The Associated Press reports this morning that "Uber’s food delivery business brought in more money during the third quarter than its signature rides business, showing just how much consumer behavior has changed — and how far the company has adapted — since the pandemic struck."
According to the story, "Uber brought in $3.13 billion in revenue, down 18% from the same time last year. Its mobility business, which includes ride-hailing, scooters and bikes, accounted for $1.37 billion of that, down 53% from the same time last year. Despite the decline, the rides business showed improvement from the second quarter, when it brought in just $790 million."
But, "Uber’s Eats business generated $1.45 billion in revenue, up 125% from a year ago as restaurants relied on Uber for delivery and the trend of people ordering in instead of dining out during the pandemic continued … Uber Eats continued to add restaurants to its app, and its partnerships with restaurants grew by more than 70% compared with last year. It also added a contactless payment feature to allow customers who are dining in restaurants to order or pay using their Uber Eats app.

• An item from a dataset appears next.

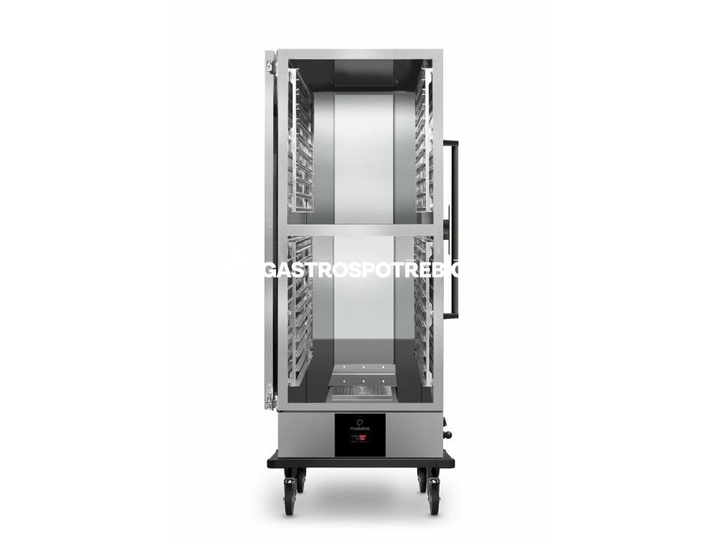 Moduline AIRFLOW+ je nová řada banketových vozíků s ventilovaným ohřevem pro catering. Modely AIRFLOW+ nabízí řadu ventilovaných vozíků, které jsou ideální pro rychlou obslužnost Transport, udržení a výdej teplého jídla v jídelnách, v hotelových konferenčních sálech, nemocnicích, domovech důchodců a dalších stravovacích provozech. Horký vzduch je vytvářen „zásuvkou Hot Box“ umístěnou ve spodní části vozíku a následně dynamicky distribuován do vzduchového dopravníku umístěného v zádech komory vozíku, tak aby se teplo rovnoměrně rozvádělo a rozprostřelo uvnitř komory a dostalo do všech zásuvů bez přímého proudění na jídlo. Tímto způsobem AIRFLOW+ zabraňuje nežádoucí dehydrataci a povrchovému připalování jídla, typický efekt mnoha ventilovaných vozíků. „Hot box“ je vybaven nádržkou na vodu pro možnost mechanického přivlhčování komory pomocí odpařování vody. Vozíky jsou vybaveny a řízeny digitálním regulátorem teploty (snadné ovládání), příplatkově může být vybaven Wifi modulem pro vzdálené připojením a ovládání zařízení pomocí cloudové aplikace (volitelné). Model ABK je v elegantním černém designu a výbavě, která zahrnuje lesklé černé plexi vnější panely se zaoblenými hranami, dlouhá postranní madla pro snadnou manipulaci a dále velký boční kabelový naviják. Funkční vlastnosti a výhody Regulace teploty +30 až +90 ºC pomocí digitálního ovládání, zobrazující nastavené a naměřené teploty (příplatkově ovládání s možností WI-FI dálkového přístupu a ovládání) Pro možnost mechanického přivlhčení v komoře je vozík vybaven vnitřní nádobou na vodu s ochranou proti přeplnění. Možnost uchovat potraviny s přidanou vlhkostí nebo bez ní výsledkem je flexibilita aplikace Distribuce vzduchu AIRFLOW+ s rovnoměrným a nepřímým rozptylem tepla, aby nedošlo k dehydrataci potravin Snadné vyjmutí „Hot boxu“, větrací sady a postranních zásuvů pro usnadnění čištění a údržbu Nízká hmotnost konstrukce s dlouhými bočními držadly pro snadnou manipulaci, také díky 4 otočným kolečkům (2 brzděná) Obvodové nárazníky pro ochranu těla zařízení a 2 dlouhé rukojeti pro usnadnění přepravy zařízení Dvířka jsou vybaveny 2 ručními odvětracími otvory pro manuální nastavení vlhkosti, odvlhčení. Otevírání dveří 270° s bočním magnetem pro udržení dveří otevřených během servisu nebo pohybu Nerezové komora je kvalitně utěsněná a provedena se zaoblenými rohy usnadňující čištění a zabraňující úniku vody Vyjímatelné a omyvatelné vnitřní zásuvy s roztečí 75mm. Kapacita GN dle modelu (10 x GN1/1 nebo GN2/1; 20x GN1/1 a GN2/1). (příplatkově lze dodat zásuvy s větší roztečí 90mm a kapacitou 8x GN nebo 16x GN)Doplňkové parametry

"Uber also expanded its grocery delivery service, which is now operating in 10 countries outside the U.S. It also launched a prescription drug delivery pilot program in Dallas and Seattle."
- KC's View:
There's just one problem: as the AP writes, Uber's "rides business was more profitable than delivery."
I wonder if it might make sense for Uber to develop a delivery business that would allow its retail clients to private label it - while Instacart provides infrastructure, retailers would have a greater sense of ownership. Could this be a way to generate greater usage, especially if they could come up with a new cost-sharing formula that would benefit both parties?